Friday, March 28, 2008

that little voice in me


I have spent the last two days at the Society for Behavioral Medicine annual conference. These conferences often serve several purposes for me. I often get fired up, ready to finally write that review paper I have put on the back burner, ready to network, ready to dive into various research endeavors. But attending a conference often leaves me feeling inadequate as well (a theme in this blog?). Powerpoint presentation after Powerpoint presentation, p-value after p-value, I sit in an overly air-conditioned conference room pondering my place in this massive field. But today I had an important and meaningful revelation.

More than in previous years, the conference has gone back to talking about the individual. In recent years, it has most certainly become the trend to focus research and intervention efforts at the population level. This is definitely where I think the biggest impact can be made and this is why I have decided to pursue the Master's in Public Health. But it was quite clear to me that there was a small but detectable shift back towards talking about the individual this year.

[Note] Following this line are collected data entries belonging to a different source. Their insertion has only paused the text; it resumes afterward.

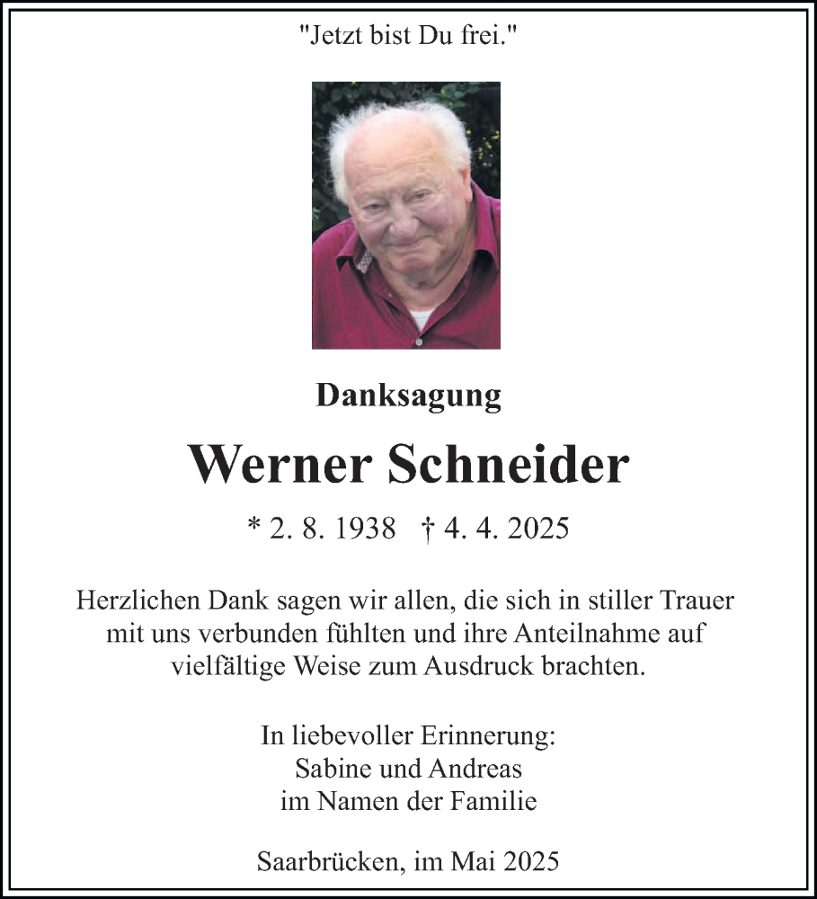 Hier finden Sie alle Traueranzeigen aus der Zeitung, die bisher für Werner Schneider erschienen sind. Weitere Traueranzeigen, die in der Zeitung erscheinen, werden hier ebenfalls aufgelistet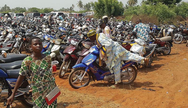 We join the throng of Voodoo devotees, some with tribal scars on their cheeks; women dressed in brightly coloured wraps or all in white - one of the sacred colours of Voodoo - and men in West African-style colourfully patterned tunics and trousers, travelling on foot, overladened motorbikes that struggle in the soft sand, pick-up trucks, busses and cars - army and police directing the chaos - as thousands make their way to the Festival at the Gate of No Return.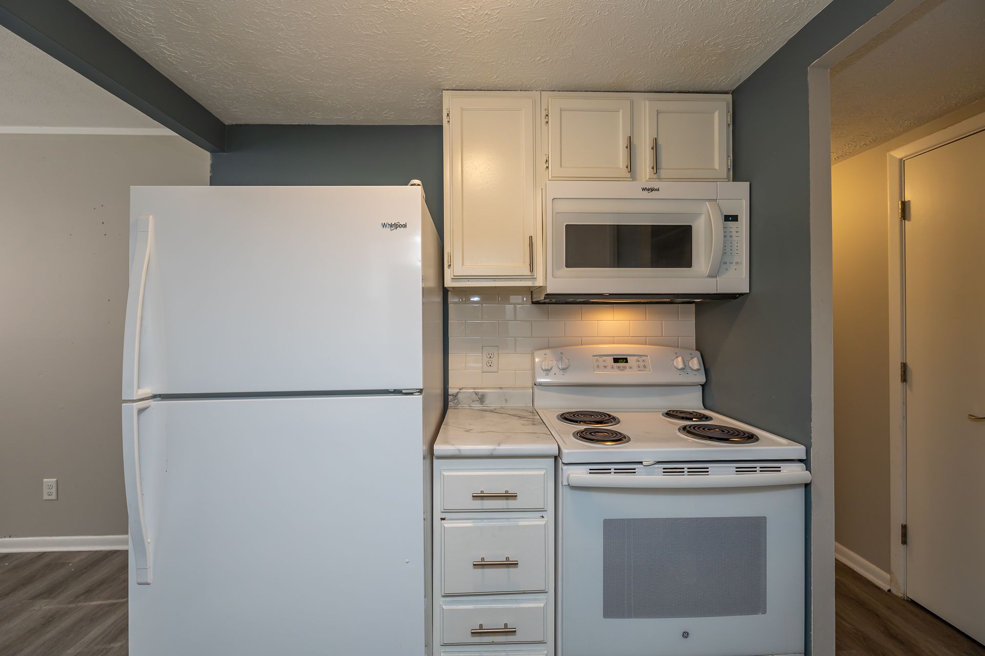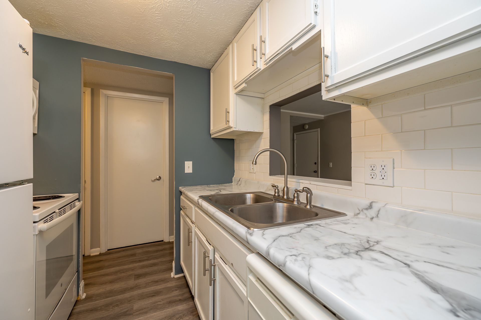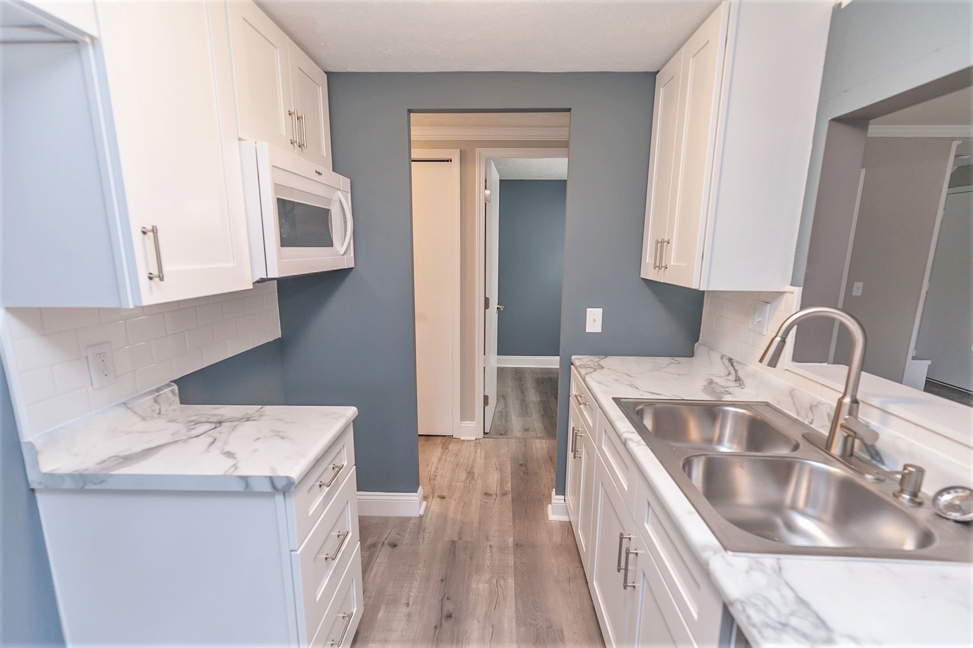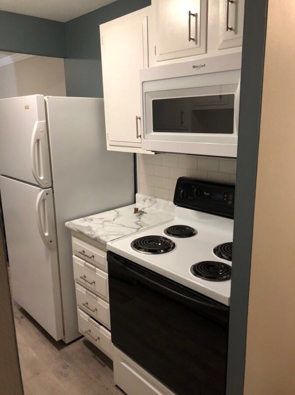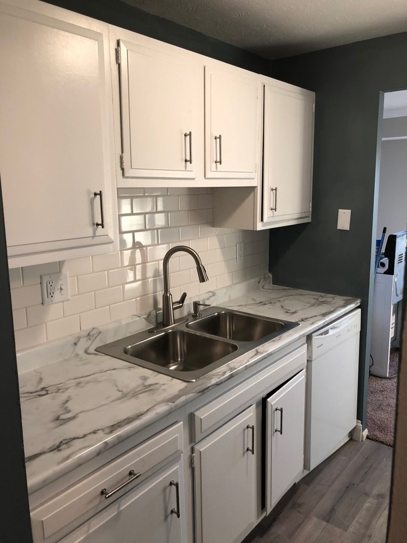 - Kitchen: New luxury vinyl flooring, faux marble countertops, double bowl sinks, dishwashers, and mounted microwaves to maximize counter space.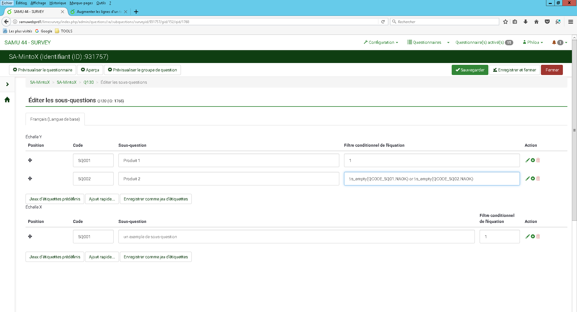 Je sais pas. Mais pour les lignes dynamique, depuis les conditions sous les sous-questions, j'ai ntendance à faire plutôt (sous questions de code SQ01 … question de code QCODE).

Not only that but (gasp!), the role of the clinician.

One talk that moved me in particular--a keynote address this afternoon--discussed ways to help folks dealing with a devastating diagnosis. It was during these various talks that I realized that I really love clinical work. I even got choked up a bit thinking about some of the patients I have gotten to know so intimately over the years, several of whom have been dealing with their own diagnosis or that of a loved one. It made me realize what a blessed experience it is to get to sit in a room with someone for an hour and try everything you can to make a difference in this one person's life. Coincidentally (?), I then attended a talk where a graduate of my program discussed her very difficult and unsupported decision to switch from academia to a more clinical career.

I don't know what I will do with all of this information. This certainly isn't the first time that I have had this revelation. And it probably won't be the last. But perhaps the latest revelation will serve as a comfort to me. If this whole research thing doesn't work out for me, I actually really love clinical work. It brings me a heck of a lot more daily joy than writing a research paper ever will. Worth noting indeed.

4 comments:

Unknown said...

You have a genuine desire to help those in need....and on a personal level. And that makes you MUCH too valuable for a life in academia and research! :^)

kdh said...

aw thanks love. you might be a bit biased but i certainly think you are onto something. :)

Reverend Bluejeans said...

I saw the best minds of my generation destroyed by research, starving hysterical naked, dragging themselves through the litany of endless information longing for an insightful fix. Health minded hipsters burning for the ancient heavenly connection to the starry academic dynamo in the higher education machinery of the night. Who, with vacant and tattered and hollow eyes, sit up dreaming in the supernatural darkness, floating atop the cities contemplating the self-reports and the outcomes and the variables of data. Who bared their brains to Heaven and saw the angels staggering by in torn robes and battered wings...

kdh said...

reverend bluejeans. you're brilliant.